Most people know of at least one situation when a corporation declares bankruptcy and turns to nothing, while the individual members of the corporation receive "golden parachutes," houses, property, and other perks. And it's all legal. It seems that some corporations are created just for that purpose. Consider the big banker bonuses, too.
I don't even understand how corporate conspiracies ever began under our Constitution. Their meddling in elections is certainly skirting the edge of violating the "one person one vote" already decided by the Supreme Court in the 1960s. Georgia's County Unit System was found unconstitutional under that decision.
The hated ACLU or some other constitutional experts should now launch a test case to determine whether any corporate entity has rights under the U.S. Constitution before things get worse.
William A. Ricks
2 comments:
Have to disagree on this one.
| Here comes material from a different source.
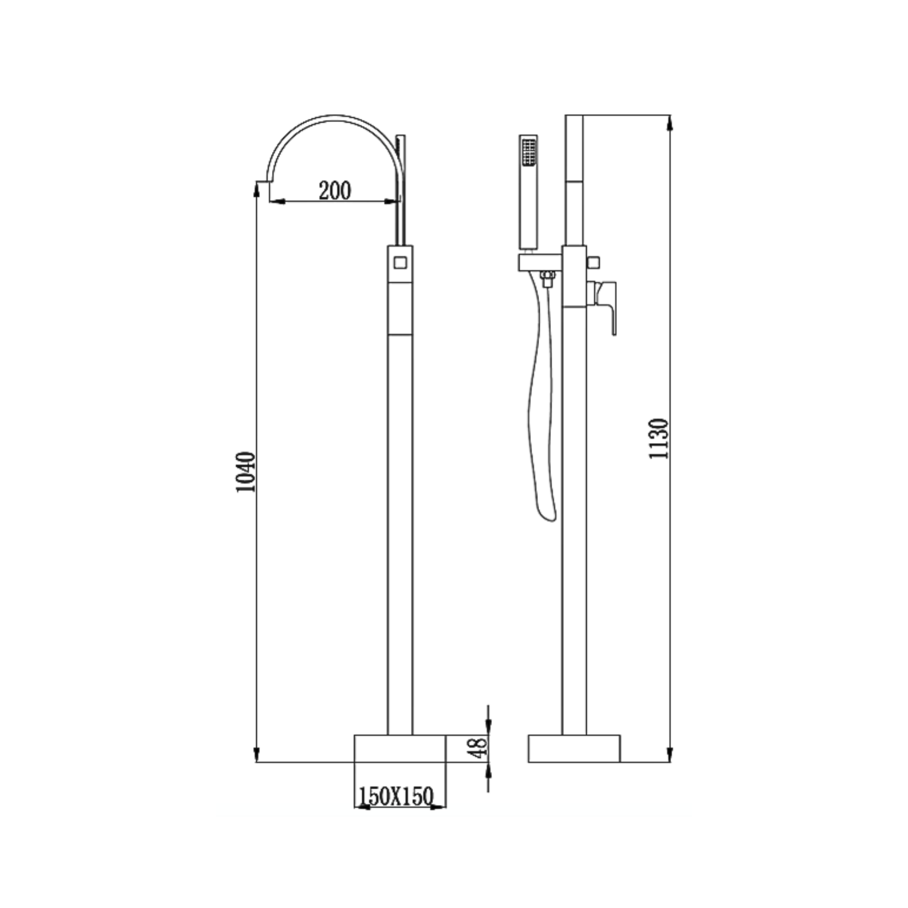 Product Name : Floor Standing Bath Tub Filler c/w 1.5m Flexi-Hose,
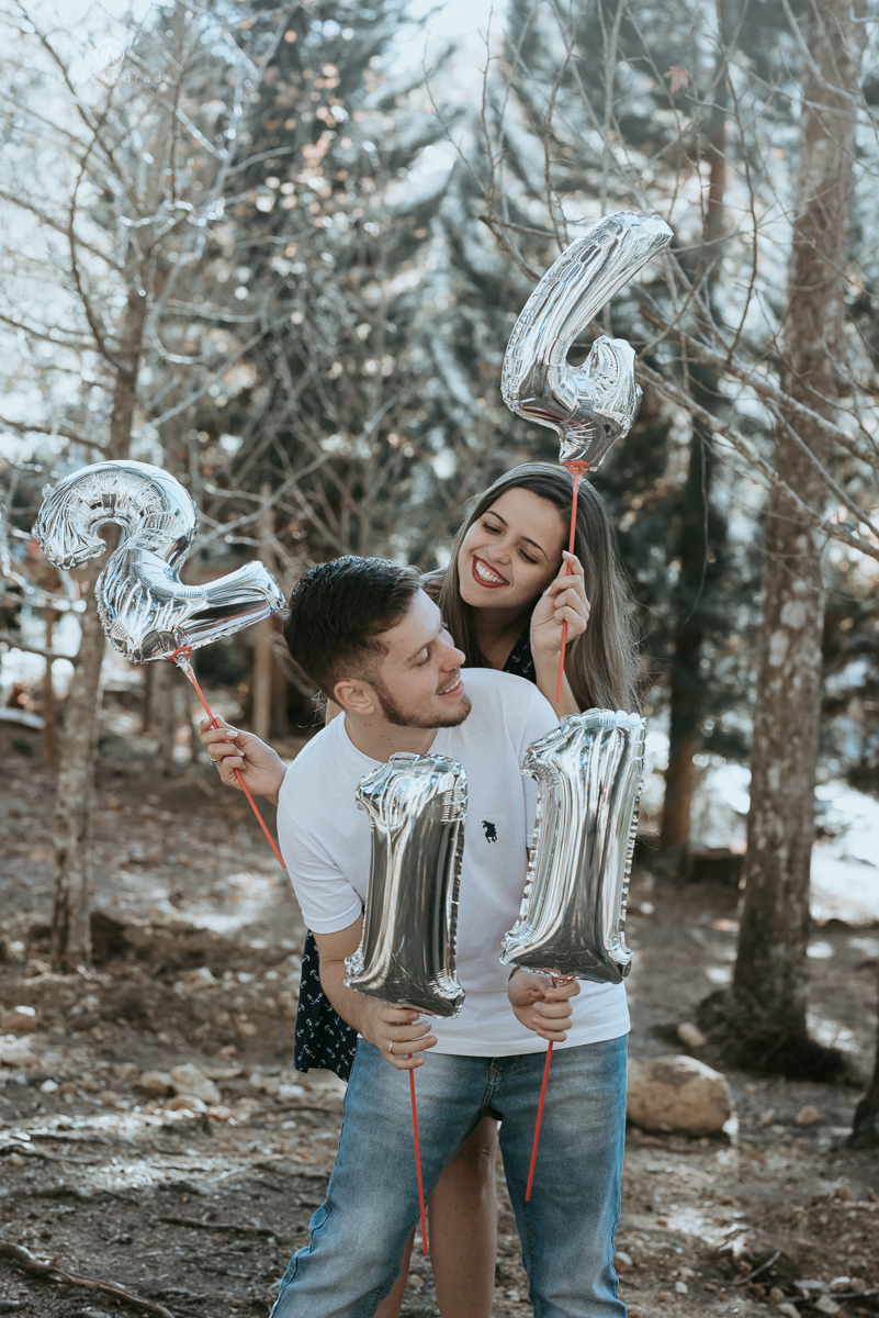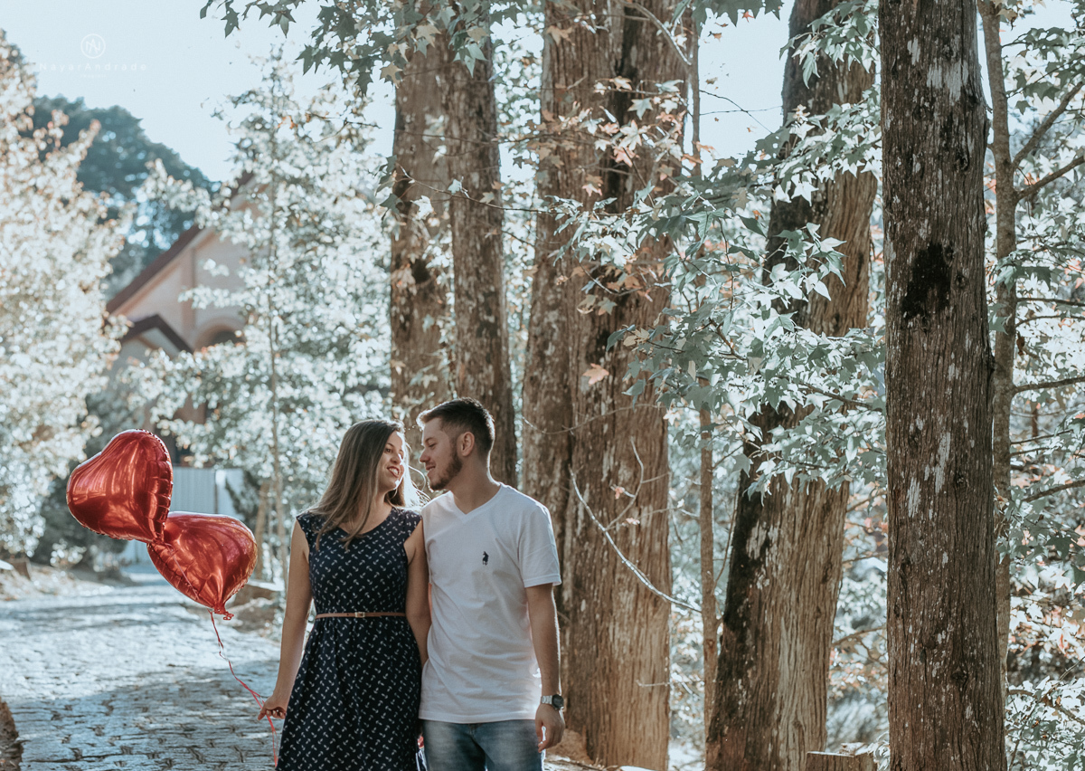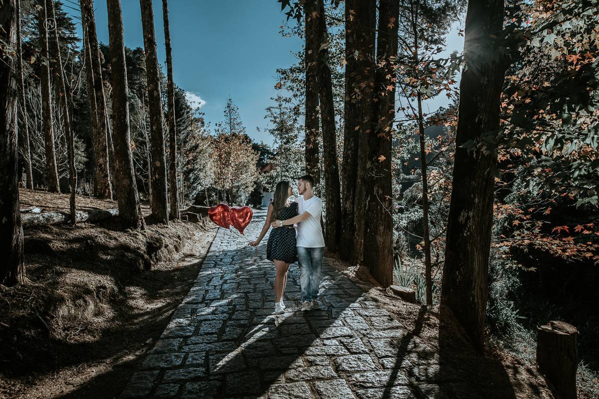 Ensaio casal fim de tarde em campos do Jordão nas folhas, arvores e muito amor envolvido. Balão de coração e data

This conspiracy of the corporation also extends to unions and any other group of persons who group together to expand their power to influence government. That can be pretty much any group. NEA, NRA, SEIU or any group. This panic is overblown. It doesn't allow companies to go around bribing elected officials.
Corporations are not individuals? When a corporation does wrong it is prosecuted as an individual. This decision is a boon for liberals and conservative groups alike. Free speech for both.
Joel,
When I use "corporate entities" I'm speaking of business corporations, clubs, unions, veteran organizations --- any group united by a piece of paper. They are collections of individuals, but the agreement that binds them is just paper, not the creation of another person. Constitution rights are for every individual citizen. The founding fathers hated business corporations and they never envisioned that the Constitution would ever assign rights to a group.
I disagree with your idea that a corporation is prosecuted as an individual. Who dies when a corporation is guilty of a capital crime?